This news story was updated on September 4, 2023, to reflect an update given regarding the cyber security incident by Duolingo.
The scraped data of more than 2.6 million users of language learning app, Duolingo, has been posted to a dark web hacking forum.
The information was put up for sale on a dark web hacking forum on August 22 by a malicious actor. The malicious actor was offering US$1,500 for all 2.6 million records. The hacker claimed to have gained access to the data by scraping and exposed application interface (API). They also confirmed the legitimacy of the data by offering a sample of the data from 1,000 accounts.
Duolingo confirmed to news site TheRecord that the data was scraped from public profile information. The data exposed includes users’ names, usernames, email addresses and other information relevant to Duolingo’s services. It is relevant to note, however, that email addresses are not public information on Duolingo.
A Duolingo spokesperson said of the cyber security incident: “No data breach or hack has occurred. We take data privacy and security seriously and are continuing to investigate this matter to determine if there’s any further action needed to protect our learners.”

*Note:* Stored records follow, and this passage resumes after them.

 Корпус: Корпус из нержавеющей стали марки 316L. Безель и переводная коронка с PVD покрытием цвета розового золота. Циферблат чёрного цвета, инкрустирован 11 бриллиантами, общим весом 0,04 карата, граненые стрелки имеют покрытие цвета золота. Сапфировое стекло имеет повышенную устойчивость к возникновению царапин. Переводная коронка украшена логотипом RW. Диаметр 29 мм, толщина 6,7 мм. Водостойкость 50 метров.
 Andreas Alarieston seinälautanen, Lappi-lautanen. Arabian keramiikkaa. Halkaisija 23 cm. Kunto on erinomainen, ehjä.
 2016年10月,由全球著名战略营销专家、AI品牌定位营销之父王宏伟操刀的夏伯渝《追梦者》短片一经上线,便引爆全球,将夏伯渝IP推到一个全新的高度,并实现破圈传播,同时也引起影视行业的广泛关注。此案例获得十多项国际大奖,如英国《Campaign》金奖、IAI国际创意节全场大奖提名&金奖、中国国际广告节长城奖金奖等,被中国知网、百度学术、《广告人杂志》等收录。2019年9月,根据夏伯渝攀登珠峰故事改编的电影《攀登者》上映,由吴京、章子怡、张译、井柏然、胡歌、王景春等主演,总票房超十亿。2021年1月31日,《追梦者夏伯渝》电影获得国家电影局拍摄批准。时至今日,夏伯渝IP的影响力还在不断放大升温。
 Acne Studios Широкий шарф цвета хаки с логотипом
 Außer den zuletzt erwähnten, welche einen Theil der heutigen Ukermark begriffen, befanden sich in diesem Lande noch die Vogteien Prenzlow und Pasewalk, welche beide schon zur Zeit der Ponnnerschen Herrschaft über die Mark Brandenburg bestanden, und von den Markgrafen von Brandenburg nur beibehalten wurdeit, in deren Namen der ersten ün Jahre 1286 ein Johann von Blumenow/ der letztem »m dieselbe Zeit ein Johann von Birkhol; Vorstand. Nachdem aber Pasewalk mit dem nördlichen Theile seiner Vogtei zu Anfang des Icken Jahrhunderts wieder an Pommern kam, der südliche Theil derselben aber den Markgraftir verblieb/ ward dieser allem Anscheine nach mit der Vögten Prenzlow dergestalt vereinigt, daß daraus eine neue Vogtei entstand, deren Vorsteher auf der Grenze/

The exposed API has been public knowledge since March 2023. It allows anyone to retrieve the public information of any Duolingo profile by inputting their username into it. Cyber security news site BleepingComputer confirmed that the API was still open in August 2023, despite Duolingo being alerted to its being open in January 2023. This was due to a malicious actor attempted to sell in on the now-defunct hacking forum, Breached.

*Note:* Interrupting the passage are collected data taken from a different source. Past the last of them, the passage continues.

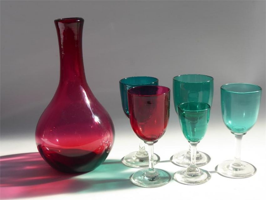 A Victorian Cranberry Glass Decanter together with a four Victorian port/wine glasses (three green, one red) and a green sherry glass.
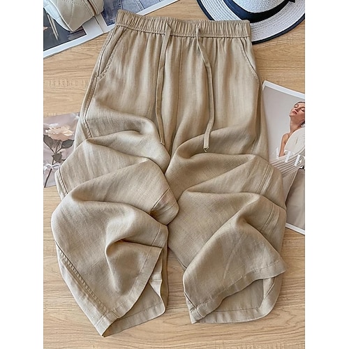Per donna Pantaloni in cotone e lino Gamba larga Chinos Vacanza Moda Streetwear Lunghezza intera Vita Alta Semplice Tasca Fascia Elastica Comodo Comodità Morbido Micro-elastico All'aperto Streetwear
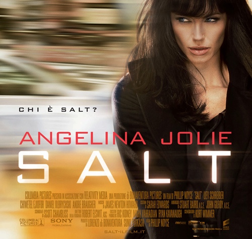 Salt (film thriller, di Phillip Noyce, con Angelina Jolie, Chiwetel Ejiofor, Liev Schreiber, Yara Shahidi, Zoe Lister Jones, Victor Slezak, Gaius Charles, Daniel Olbrychski, Cassidy Hinkle, Corey Stoll, Kevin O’Donnell, Marion McCorry, James Schram, Gary Wilmes): L’agente della CIA Evelyn Salt ha giurato di servire la patria, ma un disertore l’accusa di essere una spia russa sotto mentite spoglie. Salt, mentre è in fuga, deve dimostrare di non essere una traditrice.
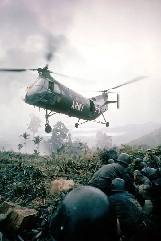 Вертолет Piasecki H-21 «Shawnee» перебрасывает подкрепление и забирает раненых. Вьетнам. Начало войны. 1965 г.
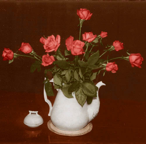 Mother sometimes cut some of her flowers, such as these roses, and brought them inside to make arrangements. (I colorized this 1962 photo in 2003.)
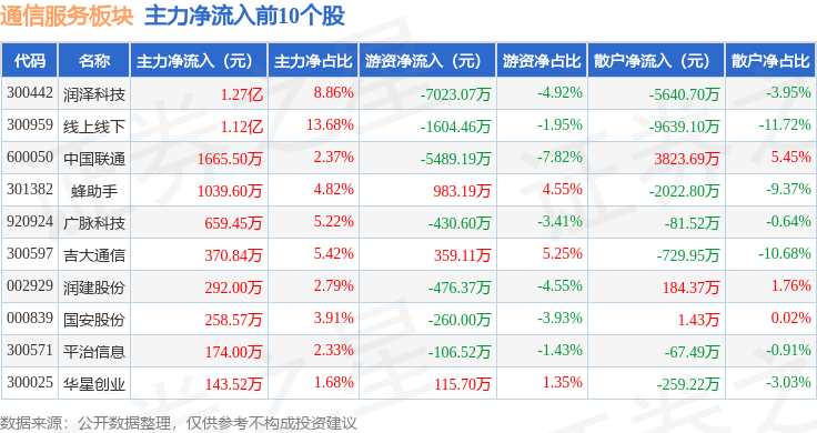 从资金流向上来看,当日通信服务板块主力资金净流出3.47亿元,游资资金净流出2107.29万元,散户资金净流入3.68亿元。通信服务板块个股资金流向见下表:
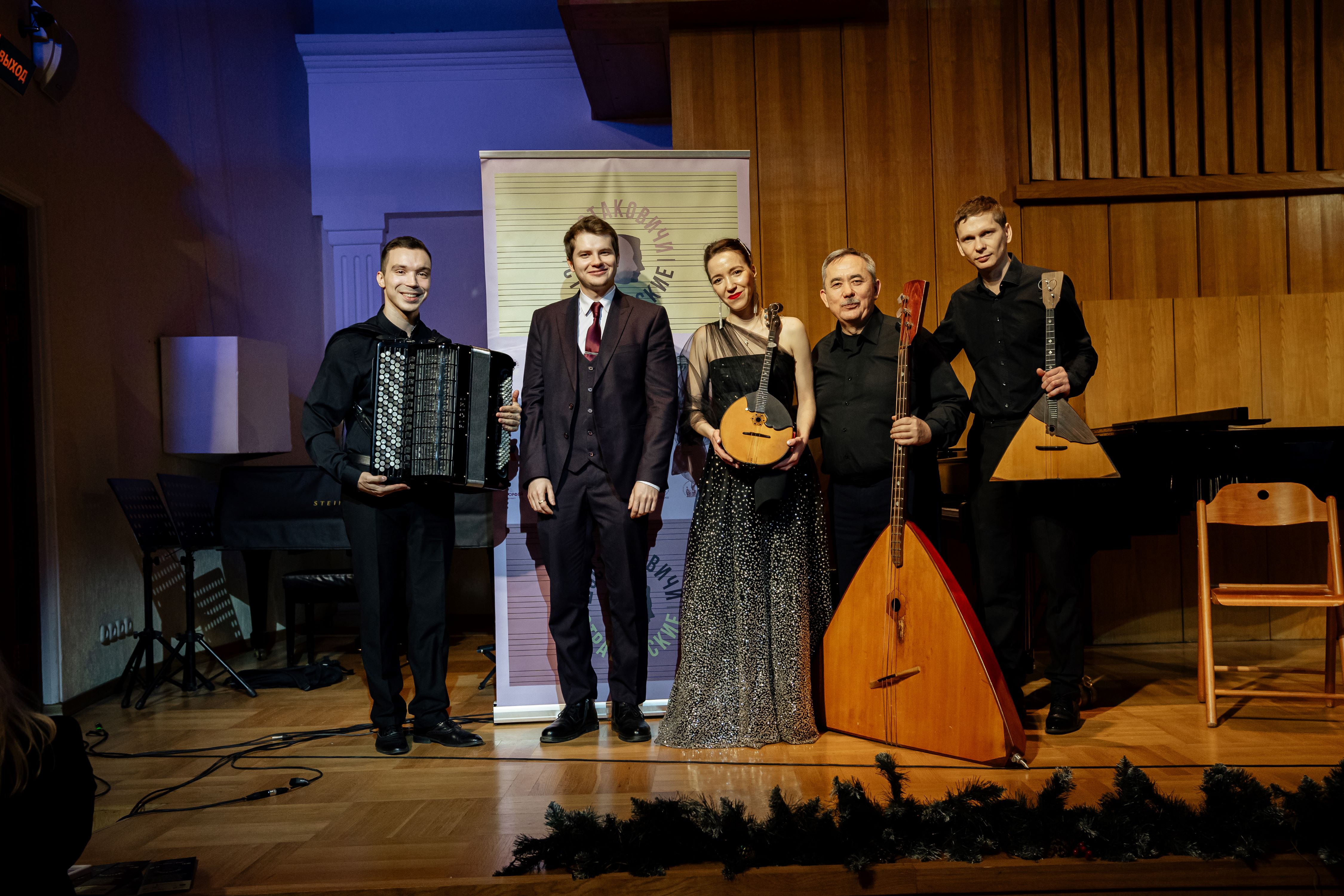 Одним из таких концертов стал вечер 6 декабря, где в исполнении блестящих солистов ГАРНА «РОССИЯ» им. Л.Г. Зыкиной (художественный руководитель – Заслуженный артист РФ Д.С. Дмитриенко) Луизы Нуриевой (домра), Владимира Дунаева (балалайка), Кирилла Русинова (баян) и Заслуженного артиста РФ Эфнана Ибадлаева (балалайка контрабас) и Ксении Исаевой (домра), а также самих авторов прозвучали произведения современных композиторов, некоторые из которых только начинают свой творческий путь.

On September 1, a Duolingo spokesperson contacted Cyber Security Hub with the following update: “Our investigation confirmed that this was not a breach or a hack; it was a scrape of data from public Duolingo profiles. No Duolingo systems or private user data were compromised. Regardless, as a precautionary measure we have taken some steps to limit this from happening again.
“We have put in place rate limits on the specific API endpoint to make it more difficult for attackers to abuse. We take data privacy and security seriously and will continue to constantly evaluate our security measures to ensure learner safety.”